Original Puzzle

F6 8 (C5,D2,E9)

G8 8 (B7,E9,H1)

I4 8 (C5,F6,G8)

A3 8 (B7,C5,H1)

E2 4 (D9,E4)

D1 1 (E6,F5,H1)

C2 1 (B9,H3)

D3 6 (A2)

F2 5 (what's left in box)

F5 6 (D3,E7)

D5 3 (C4,E3)

I9 6 (C8,E7,H4)

G1 6 (D6,H4,I9)

G3 2 (Phan 2's H5/6, I8)

I3 5 (C1,F2)

I1 4 (E2)

B2 2 (F1,G3) Hard part, Phantom 5,9 in D8,E8 because of 5,9 in row F. Thus, both 5,9 are blocked elsewhere in column 8. The 5 at C1 blocks all of row C, so phantom 5’s must exist at either A7 or A9, blocking row A elsewhere.
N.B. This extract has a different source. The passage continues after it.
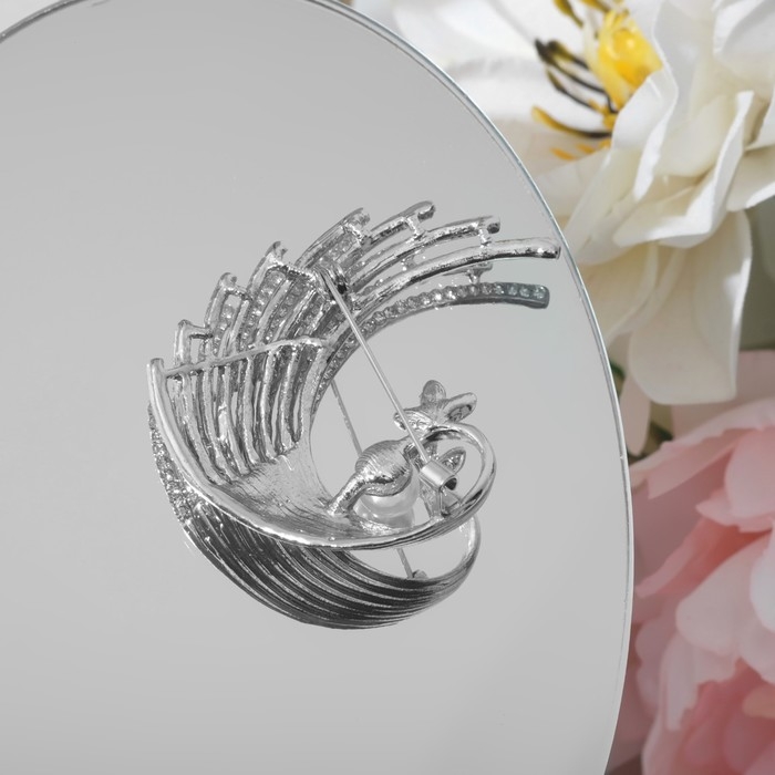 Брошь «Жар-птица» с жемчужиной, цвет бело-радужный в серебре

H6 5 (5's blocked by A?,C1,I3) Where can 5 go in column 6 ?? Only at H6. A? means the phantom 5 in either A7 or A9.

G7 5 (H6,I3)

A9 5 (A7 blocked by G7) Either A7 or A9 must be a 5, so G7 forces 5 at A9.

G4 1 (what's left in row G)

A5 1 (B9,C2,G4,E6)

H5 2 (I8) 2 in I8 blocks bottom row, forcing 2 at H5.

C9 2 (D7,I8)

I7 1 (B9,F8)

I6 3 (D5) 3 in D5 forces 3 at I6.

I5 9 (what's left in box)

I2 7 (what's left in row I)

H2 9 (what's left in box)

E5 5 (phan 5/9 pair in D4,E5) 9 in I5 eliminates the possibility of E5 being a 9, so it must be 5.

D4 9 (what's left in box)

D8 5 (what's left in row D)

E8 9 (what's left in row E)

B4 5 (A9,C1,E5,H6)

A4 7 (what's left in col 4)

B5 4 (what's left in col 5)

A6 2 (B2,C9)

C6 9 (what's left in box)

B3 7 (phan 4/7 pair in B3,C3) 4 in B5 blocks 4 in B3, so B3 must be 7.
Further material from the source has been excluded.